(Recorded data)
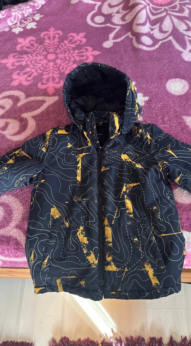 Bu erkek çocuk montu, fermuarlı ve yüksek yakalıdır. Lacivert zemin üzerine sarı desenlerle hareketlendirilmiş, yumuşak ve sıcak kumaştan üretilmiştir. Sokak modasına uygun şık bir modeldir. Kolları ekstra korumalı.10 yaş 140 cm .
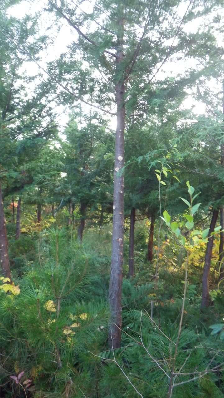 指定した基準は、①欠点木以外は、全木3.5M打ち上げを目標とする。②成長の早い木は4.5Mまで打ち上げて良い。③形質の悪い木は枝打ち対象から除外する、でした。
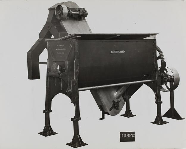 Printed in white text on front of photograph: 'D10842' Printed in purple ink on back of photograph: 'Kerr / BROS. / COMMERCIAL / PHOTOGRAPHERS / 533 COLLINS ST. MELBOURNE' Printed in black ink on back of photograph: 'PHOTO FILE NO / SECTION' Hand written in red pencil on back of photograph: 'OFFICE COPY' Hand written in grey pencil on back of photograph: '15 / No' Hand written in black ink on back of photograph: '51' Printed in black ink on a cream label attached to back of photograph: 'From / Schumacher Mill Furnishing Works / PROPRIETARY LIMITED. / GEAR-DRIVEN CIRCULATING ELEVATOR / AND MIXING PLANT. / SUPPLIED TO: / CLARK KING & CO. PTY. LTD. MELB. / O.N. 38372 - 13/4/39. / PORT MELBOURNE, / VICTORIA.'
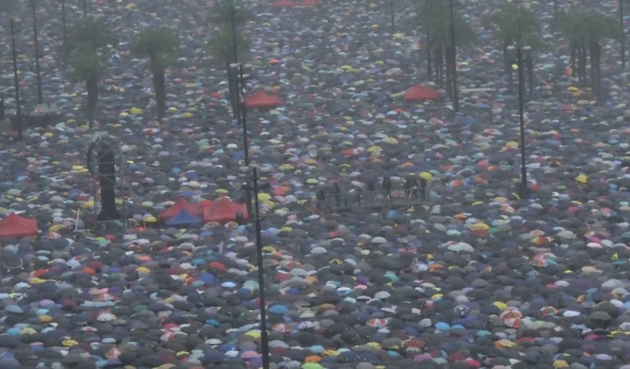 民陣維園集會人潮眾多,民陣副召集人陳皓桓14:40分宣布,6個足球場已經爆滿。《ETtoday新聞雲》現場直擊發現,還有許多民眾從周遭道路湧入維園,就算下雨也持續聚集,期間不斷高喊「香港人加油!」另外何韻詩、黎智英等名人都有出席集會。
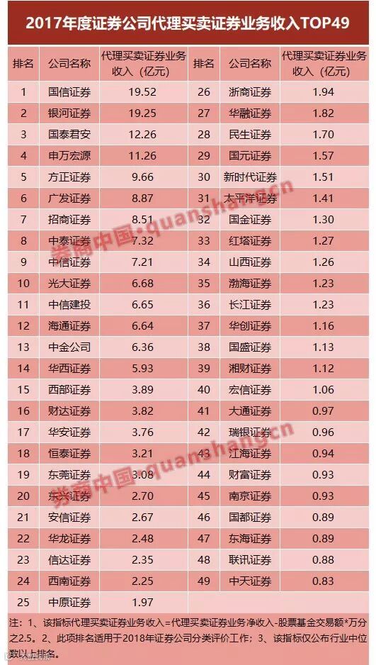 其中,国信证券去年代理买卖证券业务收入跃居全行业第一,达19.52亿元。中国银河证券紧随其后,去年代理买卖证券业收入19.25亿元,国泰君安证券和申万宏源位列第三、第四。该指标仅公布行业中位数以上排名,共有49家券商上榜,华泰证券、东方财富证券、兴业证券等券商均不在榜单中。
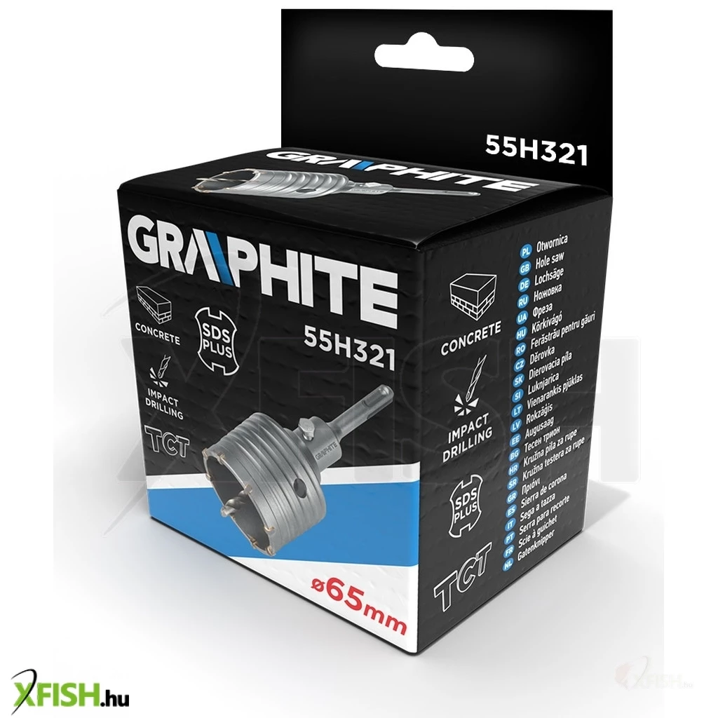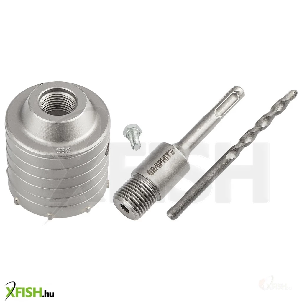 A65 mm-es koronafúró körkivágó, SDS+ adapterrel és központfúróval 55H321 GRAPHITE megbízható szerszám, amely számos alkalmazásban bizonyítja értékét. A volfrámkarbid pengékkel felszerelt szerszám ideális beton és tégla lyukak fúrásához. Sokoldalú felhasználási lehetőségei közé tartozik az is, hogy az ezekből az anyagokból készült falakba csatlakozó dobozok számára furatokat készítsünk.
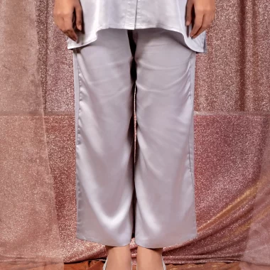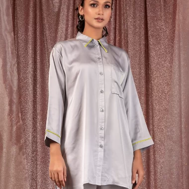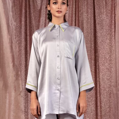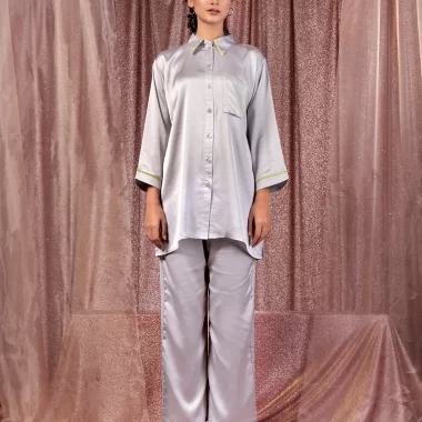 Female Shirt Collar & Front Pocket Details Co-Ord Set | Ash
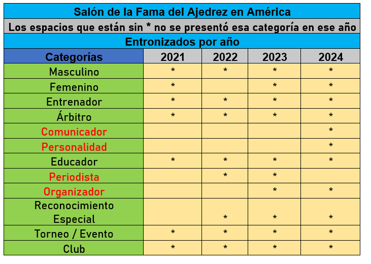 El salón de la Fama del Ajedrez de México tiene las siguientes categorías: I. Ajedrecista masculino, II. Ajedrecista Femenino, III. Entrenador, IV. Árbitro, V. Educador, VI. Comunicador, VII. Personalidad, VIII. Organizador, IX. Evento, X. Club, se tiene una categoría donde el comité no puede elegir, y lo elige el presidente y es la Distinción Especial.
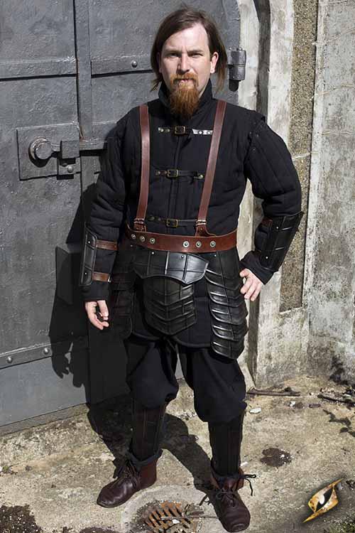Fesseln zum Schutz des Oberschenkels und der Leistengegend. Es handelt sich um einen spätmittelalterlichen Stil mit gerollten, kantigen Metallplatten, die sich überlappen. Zwei Sätze von Stahlplatten hängen von den Hüften herab und bedecken die äußeren Oberschenkel. Ein dritter Satz schlankerer Platten bedeckt die Leistengegend und bietet einen gewissen Schutz für die Innenseite der Oberschenkel. Das Set wird mit einem Ledergürtel mit Hosenträgern geliefert, um das Teil an seinem Platz zu halten.

▸ EXERCISE DETAILS
Exactly as they stand, the entries must be written out again, pictures excluded.

▸ YOUR RESPONSE
 Bu erkek çocuk montu, fermuarlı ve yüksek yakalıdır. Lacivert zemin üzerine sarı desenlerle hareketlendirilmiş, yumuşak ve sıcak kumaştan üretilmiştir. Sokak modasına uygun şık bir modeldir. Kolları ekstra korumalı.10 yaş 140 cm .
 指定した基準は、①欠点木以外は、全木3.5M打ち上げを目標とする。②成長の早い木は4.5Mまで打ち上げて良い。③形質の悪い木は枝打ち対象から除外する、でした。
 Printed in white text on front of photograph: 'D10842' Printed in purple ink on back of photograph: 'Kerr / BROS. / COMMERCIAL / PHOTOGRAPHERS / 533 COLLINS ST. MELBOURNE' Printed in black ink on back of photograph: 'PHOTO FILE NO / SECTION' Hand written in red pencil on back of photograph: 'OFFICE COPY' Hand written in grey pencil on back of photograph: '15 / No' Hand written in black ink on back of photograph: '51' Printed in black ink on a cream label attached to back of photograph: 'From / Schumacher Mill Furnishing Works / PROPRIETARY LIMITED. / GEAR-DRIVEN CIRCULATING ELEVATOR / AND MIXING PLANT. / SUPPLIED TO: / CLARK KING & CO. PTY. LTD. MELB. / O.N. 38372 - 13/4/39. / PORT MELBOURNE, / VICTORIA.'
 民陣維園集會人潮眾多,民陣副召集人陳皓桓14:40分宣布,6個足球場已經爆滿。《ETtoday新聞雲》現場直擊發現,還有許多民眾從周遭道路湧入維園,就算下雨也持續聚集,期間不斷高喊「香港人加油!」另外何韻詩、黎智英等名人都有出席集會。
 其中,国信证券去年代理买卖证券业务收入跃居全行业第一,达19.52亿元。中国银河证券紧随其后,去年代理买卖证券业收入19.25亿元,国泰君安证券和申万宏源位列第三、第四。该指标仅公布行业中位数以上排名,共有49家券商上榜,华泰证券、东方财富证券、兴业证券等券商均不在榜单中。
 A65 mm-es koronafúró körkivágó, SDS+ adapterrel és központfúróval 55H321 GRAPHITE megbízható szerszám, amely számos alkalmazásban bizonyítja értékét. A volfrámkarbid pengékkel felszerelt szerszám ideális beton és tégla lyukak fúrásához. Sokoldalú felhasználási lehetőségei közé tartozik az is, hogy az ezekből az anyagokból készült falakba csatlakozó dobozok számára furatokat készítsünk.
 Female Shirt Collar & Front Pocket Details Co-Ord Set | Ash
 El salón de la Fama del Ajedrez de México tiene las siguientes categorías: I. Ajedrecista masculino, II. Ajedrecista Femenino, III. Entrenador, IV. Árbitro, V. Educador, VI. Comunicador, VII. Personalidad, VIII. Organizador, IX. Evento, X. Club, se tiene una categoría donde el comité no puede elegir, y lo elige el presidente y es la Distinción Especial.
Fesseln zum Schutz des Oberschenkels und der Leistengegend. Es handelt sich um einen spätmittelalterlichen Stil mit gerollten, kantigen Metallplatten, die sich überlappen. Zwei Sätze von Stahlplatten hängen von den Hüften herab und bedecken die äußeren Oberschenkel. Ein dritter Satz schlankerer Platten bedeckt die Leistengegend und bietet einen gewissen Schutz für die Innenseite der Oberschenkel. Das Set wird mit einem Ledergürtel mit Hosenträgern geliefert, um das Teil an seinem Platz zu halten.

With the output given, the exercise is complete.